Print, in exact form, the lines below from the one containing "Крупным планом вафельный" through the one containing "从上面的后仿真时序可以看出,当senso", and omit all others.

[Dataset excerpts]
_ _ _ _ _
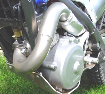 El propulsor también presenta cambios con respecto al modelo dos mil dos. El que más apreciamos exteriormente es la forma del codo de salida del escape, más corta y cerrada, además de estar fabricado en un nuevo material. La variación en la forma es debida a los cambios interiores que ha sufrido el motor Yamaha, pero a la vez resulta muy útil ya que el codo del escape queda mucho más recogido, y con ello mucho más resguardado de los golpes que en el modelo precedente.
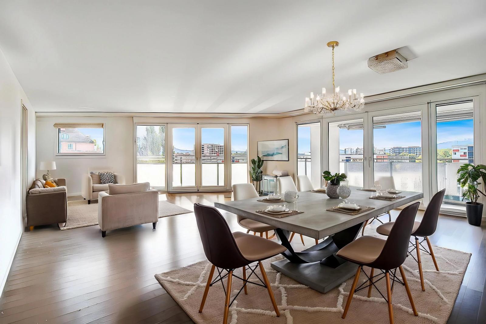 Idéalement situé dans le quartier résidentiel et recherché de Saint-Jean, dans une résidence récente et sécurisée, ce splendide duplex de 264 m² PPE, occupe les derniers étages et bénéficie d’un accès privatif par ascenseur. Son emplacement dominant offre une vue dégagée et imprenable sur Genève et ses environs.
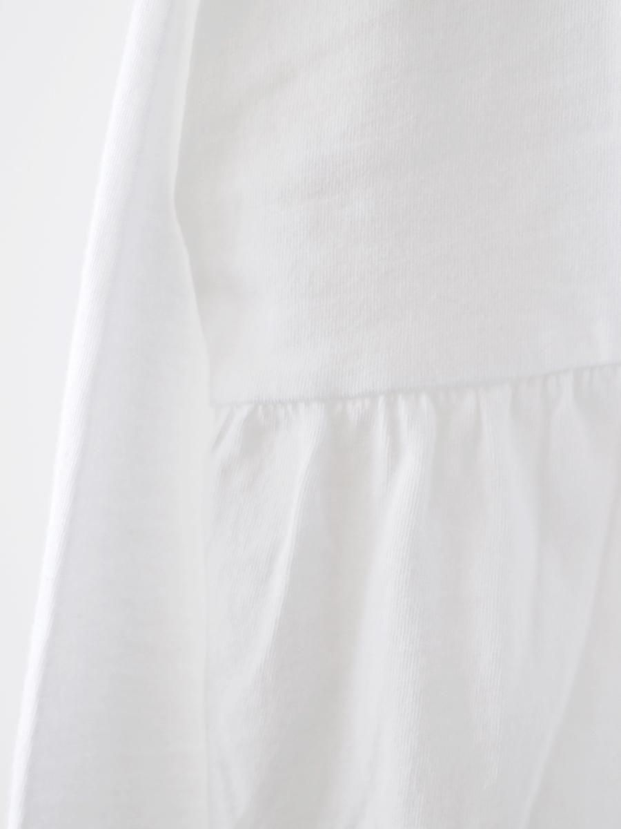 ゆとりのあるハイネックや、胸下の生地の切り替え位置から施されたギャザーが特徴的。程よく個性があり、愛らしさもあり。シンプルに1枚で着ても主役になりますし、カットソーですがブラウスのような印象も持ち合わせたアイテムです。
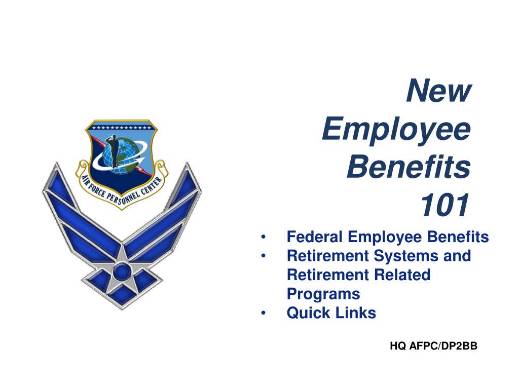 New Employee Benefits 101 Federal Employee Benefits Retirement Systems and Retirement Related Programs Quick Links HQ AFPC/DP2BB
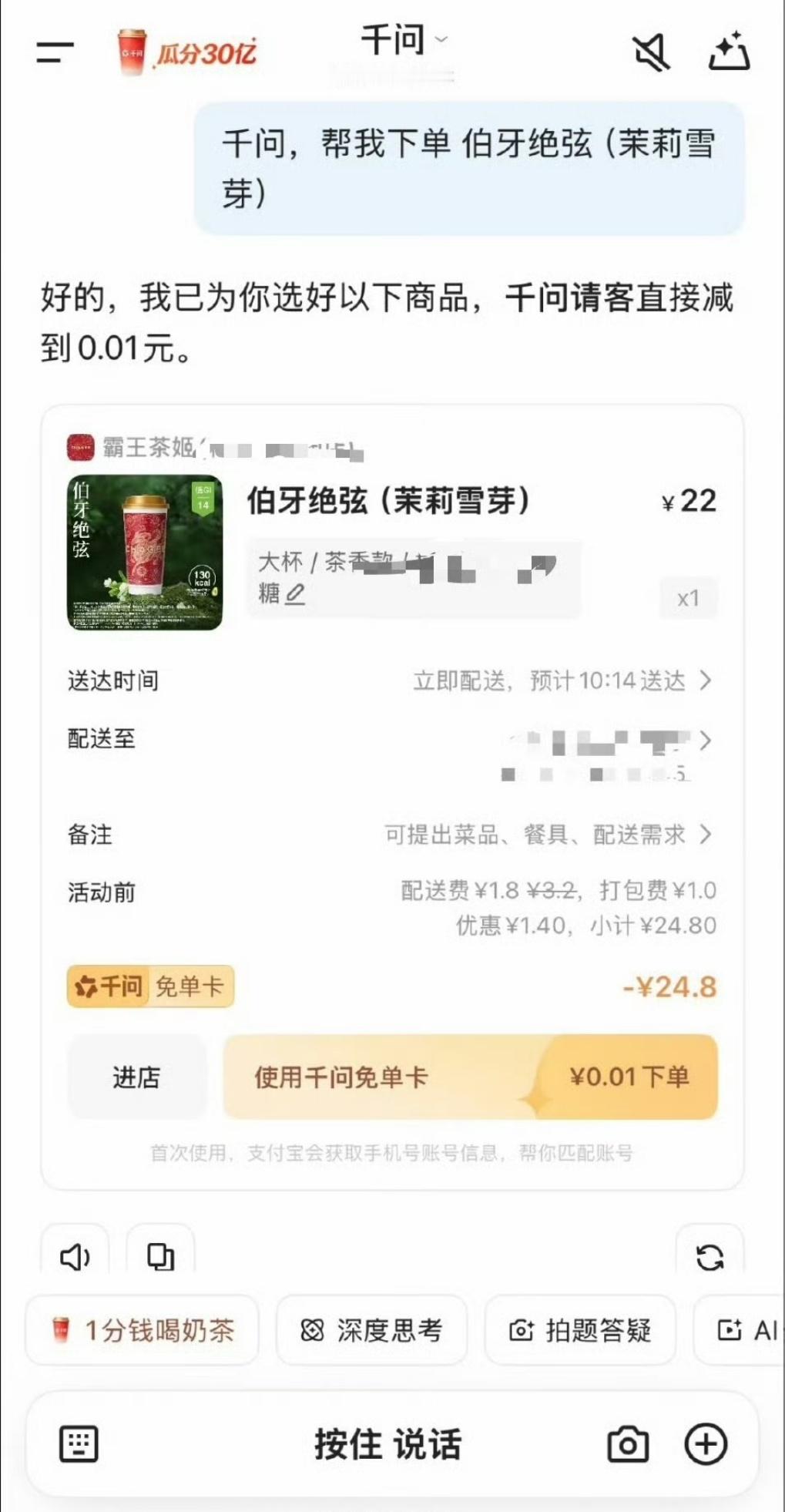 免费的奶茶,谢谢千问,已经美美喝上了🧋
_ _ _ _ _
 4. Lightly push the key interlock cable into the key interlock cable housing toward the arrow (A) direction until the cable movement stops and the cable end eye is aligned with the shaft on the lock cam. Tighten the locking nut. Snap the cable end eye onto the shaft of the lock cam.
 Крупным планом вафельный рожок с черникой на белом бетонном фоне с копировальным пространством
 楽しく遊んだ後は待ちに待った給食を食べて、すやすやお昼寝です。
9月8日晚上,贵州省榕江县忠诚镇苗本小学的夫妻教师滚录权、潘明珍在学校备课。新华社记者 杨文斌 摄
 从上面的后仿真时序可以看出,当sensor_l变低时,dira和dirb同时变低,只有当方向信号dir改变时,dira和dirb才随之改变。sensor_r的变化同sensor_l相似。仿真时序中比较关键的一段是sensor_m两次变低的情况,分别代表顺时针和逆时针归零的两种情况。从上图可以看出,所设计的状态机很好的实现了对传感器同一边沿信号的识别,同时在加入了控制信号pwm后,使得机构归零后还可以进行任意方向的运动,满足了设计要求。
_ _ _ _ _
#### Response to this task:
 Крупным планом вафельный рожок с черникой на белом бетонном фоне с копировальным пространством
 楽しく遊んだ後は待ちに待った給食を食べて、すやすやお昼寝です。
9月8日晚上,贵州省榕江县忠诚镇苗本小学的夫妻教师滚录权、潘明珍在学校备课。新华社记者 杨文斌 摄
 从上面的后仿真时序可以看出,当sensor_l变低时,dira和dirb同时变低,只有当方向信号dir改变时,dira和dirb才随之改变。sensor_r的变化同sensor_l相似。仿真时序中比较关键的一段是sensor_m两次变低的情况,分别代表顺时针和逆时针归零的两种情况。从上图可以看出,所设计的状态机很好的实现了对传感器同一边沿信号的识别,同时在加入了控制信号pwm后,使得机构归零后还可以进行任意方向的运动,满足了设计要求。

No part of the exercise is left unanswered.